Write Spark's UDF function to solve the scientific notation problem when converting large numbers in Hive tables [bigint, double, float, decimal, etc.] to string s [Java]

background

This is a problem that the author encountered when developing the platform. When using Spark to convert the data of Hive table, scientific notation will appear when converting large numbers [bigint, double, float, decimal, etc.] into string s. Take a chestnut:

select cast(col1 as string) as col1_1

123456789.123456789→1.23456789123456789E8

When col1 is a large number, the problem of scientific notation will occur probabilistically.
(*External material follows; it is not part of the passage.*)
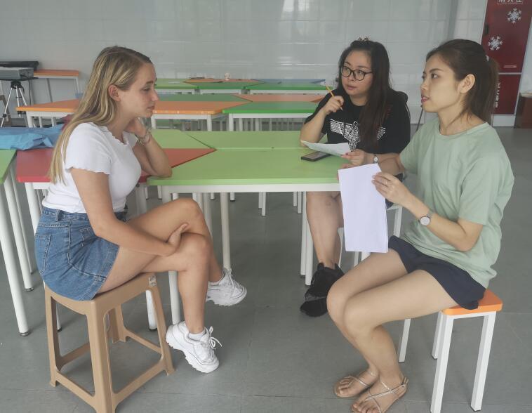 7. 8月1日,地区联系人见面会。主要内容:1、发放调查问卷2、询问同学们周末都干了什么。3、讲述了白蛇传的故事。4、给同学们讲了汉字的发展历史。

After searching for a long time, I could not find any parameters to turn off this function.

Since the function of this Java class is Hive2FTP fixed-length double file, it will eventually write a Data file to FTP, which obviously cannot accept this scientific notation method. In order to make the data of the file look consistent with the most original upstream database and Hive into the lake, a way must be found to transfer the data converted to scientific notation back.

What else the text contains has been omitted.